**What is being asked**
Exact copies of the lines below, from the one with "ファンタジー風あだ名 | 『エターナルヒーチャンー』『ヒーフェル』 |" up to and including the one with "第七步:最近的朋友互動→搜尋", are what this calls for; leave out pictures.

**Given records**
==================================================

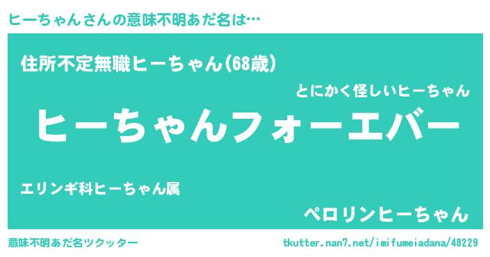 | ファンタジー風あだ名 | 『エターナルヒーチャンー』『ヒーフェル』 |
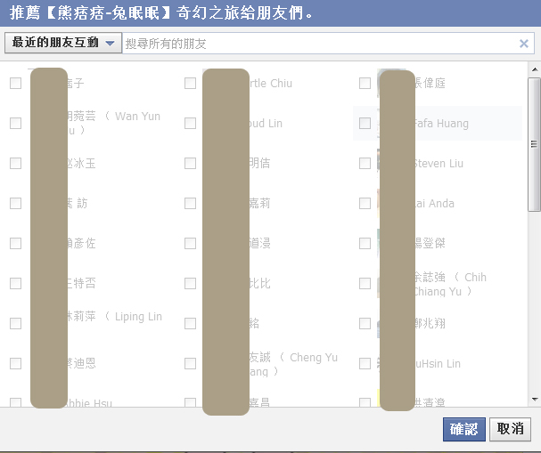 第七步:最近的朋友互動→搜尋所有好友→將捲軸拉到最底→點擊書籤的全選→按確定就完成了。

==================================================

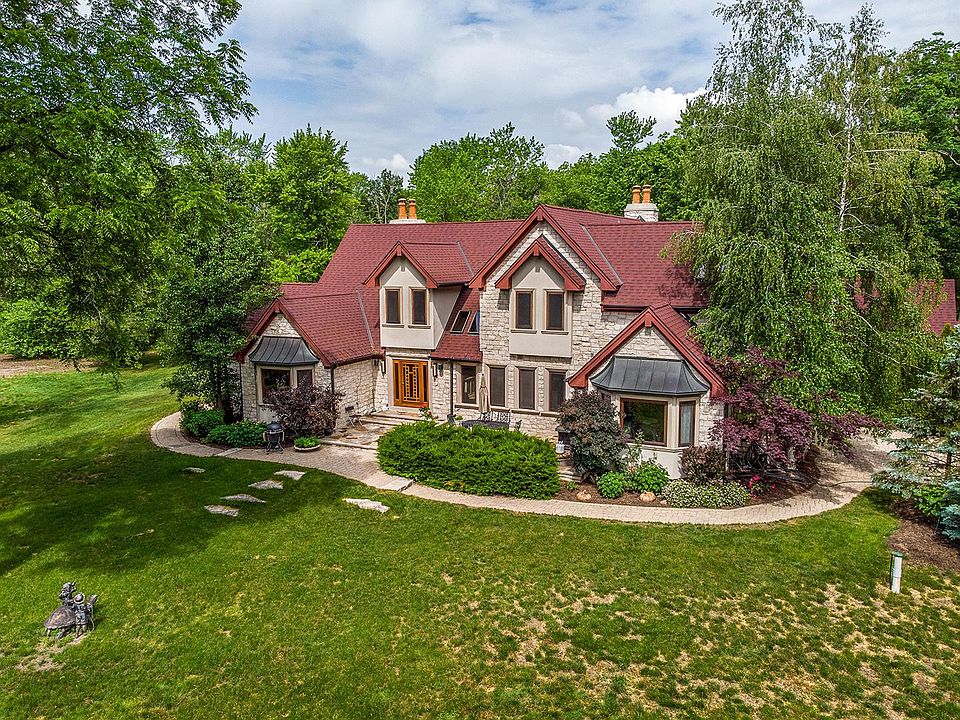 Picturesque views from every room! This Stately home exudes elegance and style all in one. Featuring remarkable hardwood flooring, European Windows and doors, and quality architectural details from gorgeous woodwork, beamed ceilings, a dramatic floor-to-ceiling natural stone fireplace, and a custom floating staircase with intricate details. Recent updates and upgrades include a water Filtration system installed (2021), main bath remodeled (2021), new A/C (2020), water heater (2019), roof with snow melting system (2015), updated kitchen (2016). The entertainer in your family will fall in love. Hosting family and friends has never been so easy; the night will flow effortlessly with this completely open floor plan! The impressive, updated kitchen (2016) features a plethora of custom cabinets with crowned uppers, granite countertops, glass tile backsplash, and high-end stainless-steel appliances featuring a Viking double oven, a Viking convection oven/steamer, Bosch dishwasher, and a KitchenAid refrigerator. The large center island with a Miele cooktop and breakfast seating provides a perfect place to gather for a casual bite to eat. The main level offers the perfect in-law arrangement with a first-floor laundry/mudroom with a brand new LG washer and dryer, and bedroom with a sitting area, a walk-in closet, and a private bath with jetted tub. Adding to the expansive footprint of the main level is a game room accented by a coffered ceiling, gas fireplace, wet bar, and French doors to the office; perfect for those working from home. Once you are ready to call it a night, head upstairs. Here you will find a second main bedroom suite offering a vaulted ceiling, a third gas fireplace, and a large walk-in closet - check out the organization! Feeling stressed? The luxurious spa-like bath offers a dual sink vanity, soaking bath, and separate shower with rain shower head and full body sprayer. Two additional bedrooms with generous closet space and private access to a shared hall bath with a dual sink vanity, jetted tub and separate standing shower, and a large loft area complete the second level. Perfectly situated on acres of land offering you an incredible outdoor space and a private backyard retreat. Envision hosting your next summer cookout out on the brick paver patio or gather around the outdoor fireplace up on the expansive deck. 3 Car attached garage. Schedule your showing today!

==================================================

**Answer section**
 | ファンタジー風あだ名 | 『エターナルヒーチャンー』『ヒーフェル』 |
 第七步:最近的朋友互動→搜尋所有好友→將捲軸拉到最底→點擊書籤的全選→按確定就完成了。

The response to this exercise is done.